Use Innovative Learning to Prepare Your Organization for Change

Posted on: August 2, 2020, by :
innovative learning
Photo by You X Ventures on Unsplash

Maintenance Learning is for Organizations Who Want to Maintain the Status Quo

It is not uncommon for organizations to connect learning and development activities to performance evaluations. This practice fails to account for the performance required to successfully navigate change. The practice of maintenance learning addresses growth and learning related to performance gaps and anticipated activities. It doesn’t address developing the skills and abilities needed to adjust rapidly to change, embrace failure as a means of learning, or how to use design thinking to rapidly make ideas a reality.

Maintenance learning is inadequate for competitive organizations or even for organizations that simply want to survive or thrive during times of unprecedented change. Maintenance learning prepares us for adjusting to circumstances as they are, not how they will be.

You work hard to get products and services out into the world. The important question is whether you’ll do it effectively.

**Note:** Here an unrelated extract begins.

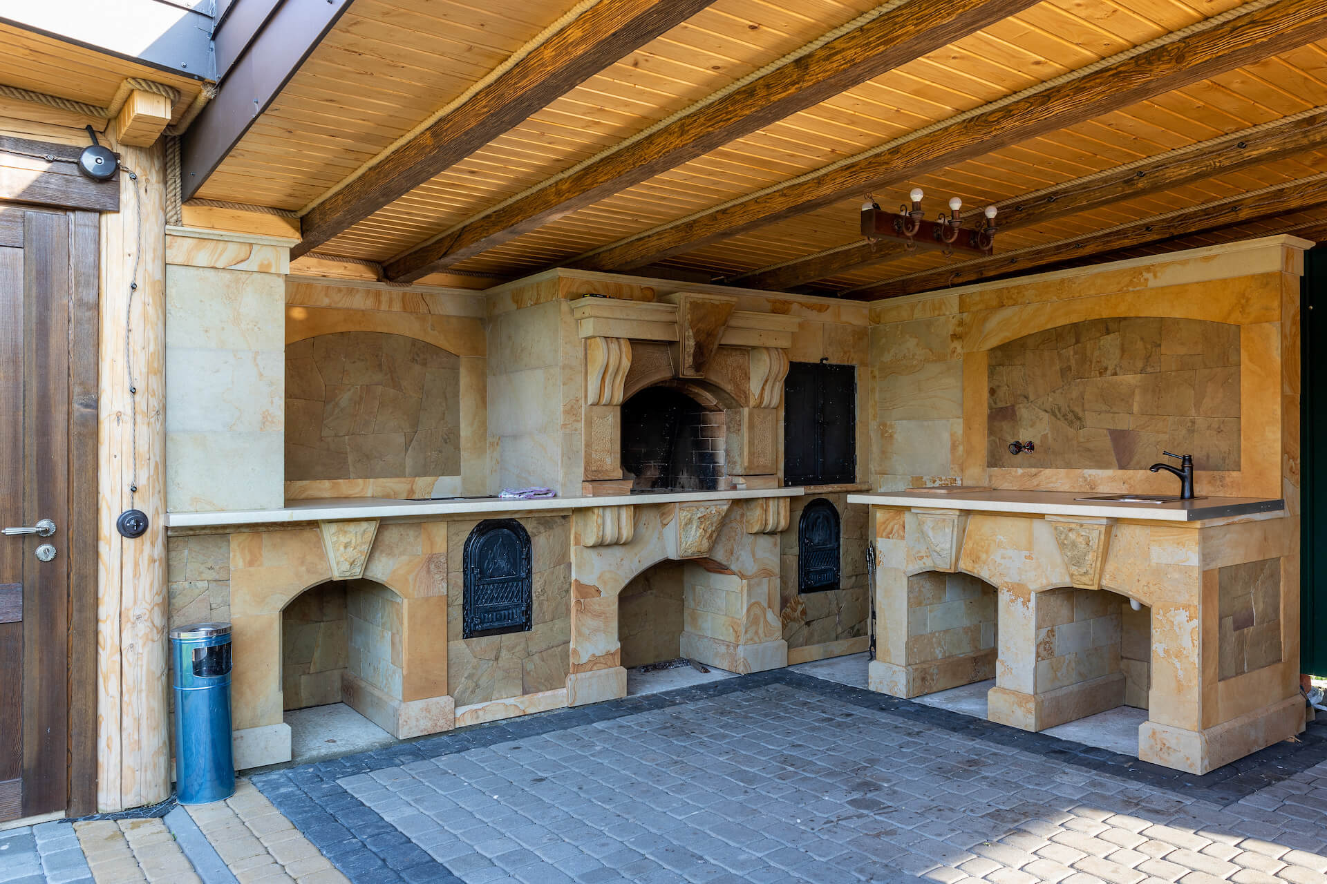 Мала зона бабекю до 10 людей. Дві великі зони бабекю до 20 людей кожна.

Keep reading to learn three ways leaders can infuse innovative learning throughout organizations to prepare for change.


Adjust rapidly to change.

People are willing and often eager to change their behavior when they believe doing so aligns with the organization’s purpose. When this openness to change combines with people believing change is possible, change efforts can create powerful momentum. Early wins with tangible progress, can be leveraged and practices put in place to sustain change. Notice this approach offers an alternate path to the way in which many change initiatives begin—it starts with the people collectively believing in the change, rather than top down directed change efforts.

Embrace failure as a means of learning.

Failure can be painful but it can also be extremely valuable. When we fail, we realize that we have options and new opportunities. Our failures help us grow personally and professionally. We feel the pain of failure in the short-term even though we may benefit greatly from it in the longer term. When we fail, we get feedback and the feedback helps us learn and grow. Then we iterate, we make changes and try again. If we fail again, we learn more and begin the process anew. Our learning and confidence grow throughout the process.

Use design thinking to rapidly make ideas a reality.

Design thinking can be effective because it promotes a collaborative approach to solving problems. Ideas that solve problems in unique ways result from people coming together to brainstorm. That’s where design thinking comes in, it involves bringing multiple people together and encouraging them to use their diversity of experience to solve problems. This way of working is commonly used to solve customer challenges or meet customer needs, but it can also be effective in solving internal problems and creating new practices to support improved operations and organizational progress.

Being able to adjust rapidly to change, embracing failure as a means of learning, and using design thinking to rapidly make ideas a reality, are practices that encourage learning in new ways and when combined, they have the power to impact organizational culture and influence performance.

Elements of Innovative Learning

The elements of innovative learning include being proactive rather than reactive, learning by gathering insight from others, and using collaboration to solve problems and prepare for anticipated change. Innovative learning involves understanding and recognizing the value of current circumstances while proactively using learning to make the future a reality.